# [SOLVED] Can't connect to the internet using firefox or chrome?



## kushan (Aug 7, 2012)

I cannot connect to the internet using firefox or chrome but there's no problem with internet explorer. This happened after I installed and uninstalled speedbit video accelerator. When opened chrome, it gave me the following 
error.

(net::ERR_NAME_RESOLUTION_FAILED): Unknown error.

After the problem occurred, I rebooted the system, uninstalled firefox and chrome, freshly downloaded firefox (from IE) and the problem persists. I couldn't download chrome because chrome installer says it can't connect to the 
internet. Following are the details regarding my system and software.

o/s : windows 7 ultimate
internet explorer : 9.0.8112.16421 64 bit
firefox : 14.01
chrome : I can't remember the version 
virus guard : Microsoft Security Essentials
firewall : windows firewall
pinging :
localhost OK
router (192.168.1.1) OK
local network interface (192.168.1.64) OK
google.com OK
ubuntu.com OK (I hope any site OK)

utorrent : listen error (You should change the listen port).

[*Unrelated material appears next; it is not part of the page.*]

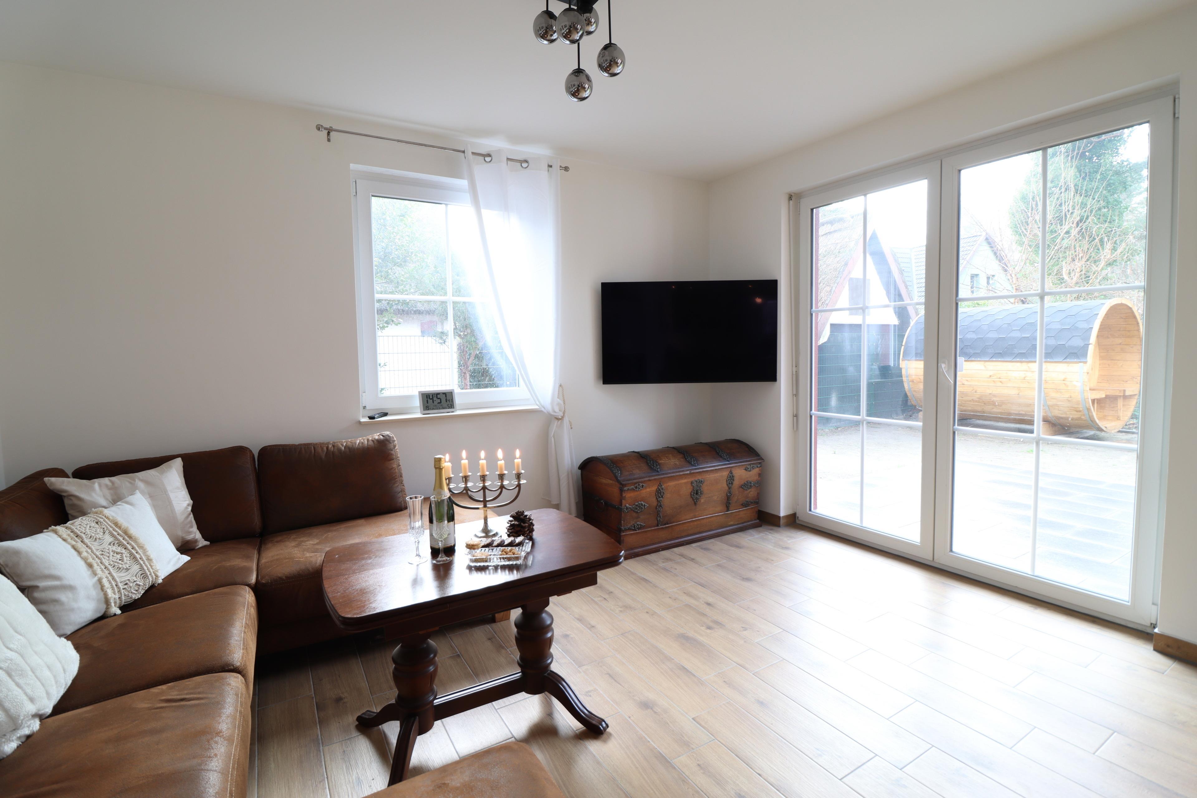 Das 2023 fertig gestellte schwedenrote Ferienhaus liegt direkt hinter den Dünen (4 Minuten zu Fuß zum Strand) des schönsten Strandes der Ostsee und bietet auf einer Wohnfläche von 135 m² ausreichend Platz für 6 Personen und ein Kleinkind. Das hochwertig und liebevoll eingerichtete Haus verfügt über eine Fußbodenheizung im Ober- und Untergeschoss mit Wärmepumpe, eine offene Küche mit Kochtresen und Arbeitsplatz, diversen Elektrogeräten (Kaffeemaschine, Wasserkocher, Toaster, Espressomaschine, Kühlschrank, Tiefkühlschrank, Geschirrspüler, Induktionsplatten, Backofen) und allem anderen, was man zum Kochen braucht. Im Wohnzimmer befindet sich ein Kamin, ein Essplatz im lichtdurchfluteten Erker, eine Sitzecke mit Fernseher (SONY OLED 55“), Bücher und diverse Gesellschaftsspiele für Groß und Klein. Im Erdgeschoss ist ein Bad mit Dusche vorhanden. Über eine Eichentreppe gelangt man in die Galerie mit Sitzgruppe und Fernseher (Philips LCD 65“). Alle Fenster (mit Außenrollos) haben einen wunderbaren Blick ins Grüne. Im OG befinden sich auch die drei gemütlichen Schlafzimmer (bei Buchung von mindestens 5Erwachsenen), zwei Schlafzimmer (bei Buchung von 1-4 Erwachsenen) mit Doppelbetten und Einzelbetten sowie ein großes Bad mit Badewanne und ebenerdiger Dusche. Für die Kleinsten gibt es ein Kinderreisebett, Hochstuhl, Gartenstuhl, diverse Spielsachen und Kinderbücher. Im Garten des 500 m² großen Grundstücks mit Strandkorb und der 30 m² großen Terrasse mit Terrassenmöbeln sowie Gasgrill können Sie genießen, entspannen und den schönen Strandtag ausklingen lassen. Parkplätze für 3 PKW sind vorhanden. Die Sauna ist nicht im Mietpreis inbegriffen. Das Grundstück ist umzäunt, die Eingangspforte und die Tore der Autoauffahrt sind abschließbar.

I tried several ports (forwarded properly) to no avail.

firefox on a virtual machine (VBox/Ubuntu) : OK

I tried stopping the firewall and the problem persists. Can't access router via firefox too!! Firefox doesn't give an error it just gives a blank page (about:home).

If this is a dns problem, how come it doesn't affect IE ?? Why can't utorrent listen on listen port ??

I tried restoring but it failed. Anyone any idea ?? Pls I'm desperate.
Thanks a lot


----------



## kushan (Aug 7, 2012)

All right I solved it myself. It was a winsock issue. Following command and a restart solved it. You have to use an elevated command prompt.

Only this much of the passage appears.